Slavery is when one has to work to live. Thus defined, and except to be rentier, most humans are slaves. The master is the money and, collectively, those who distribute it. In order to reduce men to slavery, it was necessary to make them dependent on money (reduce empathy and solidarity), and to ensure that one was the sole supplier (monopoly of central banks).
In France, social advances in recent decades have enabled slaves to be treated fairly well: free time for everyone, 35 hours work week, 5 weeks yearly paid holidays and institutionalized solidarity (unemployment, sickness, retirement). Those good conditions have a cost and they are not being met elsewhere. With free trade being levelled by prices, globalisation will happen at the expense of working conditions.
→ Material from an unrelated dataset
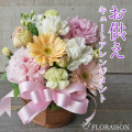 お供えアレンジメント お供え花 かわいいお供え 母の日参り 敬老の日 花 パステルカラー 花 白いカーネーション 法要 花 仏花 アレンジメント 癒し ギフト 花 ギフト 女性 リボン付き 花束 届いてすぐ飾れる バラなし アレンジ フラワーギフト

It is worrisome that we have ended up adhering very irrationally to our own slavery. The popular consensus is reflected in political discourse: unemployment is a scourge that must be fought. Not having a job inspires compassion at best, contempt at worst. Are we all victims of the Stockholm syndrome?
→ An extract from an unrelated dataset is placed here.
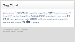Blog data in a TeamPage demo also offers a simple and easy example to explain the importance of thin slicing over long trends. Here is a tag cloud from one of my demo servers. It's set to All Time. The tags tell a story, of sorts. Interpret it as you may.

Why don’t we change our perspective? Let us consider for a moment that work is a plague (according to its Latin etymology of trepalium), and that unemployment is therefore a synonym for liberation.
What about compensation? There again we are victims of the well maintained amalgam since the dawn of time that it is necessary to work to live. But at a time when the value of labour is decreasing, and that of capital is increasing, this amalgam would deserve being questioned… in a future article.